Comets, giant snowballs of ice and dust, are known to have carried organic chemicals and water to the early Earth.

But just what caused life to spring out of nowhere on a barren and desolate planet billions of years ago remains a mystery.

Now scientists may have part of the answer. Laboratory experiments have shown that amino acids - organic molecules that are the building blocks of proteins - would have survived violent comet impacts.

What is more, the shock of a large comet impact would have provided the energy needed to start bonding amino acids together to make proteins.

Proteins provide the raw material that allows all living things, from microbes to humans, to exist and function.

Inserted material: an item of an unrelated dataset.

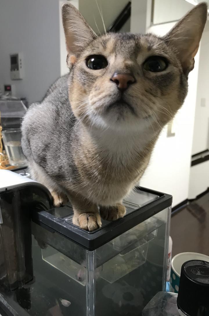 ビビは🐠みんなの名前を覚えようと最近頻繁に水槽に登ります😸

Their creation by comets may explain how life appeared so quickly at the end of a period 3.8 billion years ago called the "late heavy bombardment". During this turbulent time the Earth was showered by both comets and rocky asteroids, leaving crater scars that are still seen on the Moon.

Dr Jennifer Blank, who led the US scientists from the Nasa/Ames Research Centre in Moffett Field, California, said: "Our research shows that the building blocks of life could, indeed, have remained intact despite the tremendous shock wave and other violent conditions in a comet impact.

"Comets really would have been the ideal packages for delivering ingredients for the chemical evolution thought to have resulted in life. We like the comet delivery scenario because it includes all of the ingredients for life - amino acids, water and energy."

Dr Blank described the experiments at the annual meeting of the American Chemical Society in San Diego, California.

Her team set out to simulate conditions that existed when Earth was repeatedly struck by amino acid-carrying comets, some of which were 10 miles or more in diameter.

One study used powerful gas guns to fire supersonic blasts of gas at capsules filled with amino acids, water and other materials.

Despite the heat and shock of the simulated collisions the amino acids did not break down. Instead, they began forming the chain-like "peptide bonds" that link amino acids together to make proteins.

Intense pressure from the impact offset the intense heat and supplied the energy needed to create the peptides.

Other experiments used computer models to simulate conditions as comets ploughed into the Earth's atmosphere.

Both comets and asteroids may have brought multiple deliveries of the "seedlings of life" to Earth, said Dr Blank.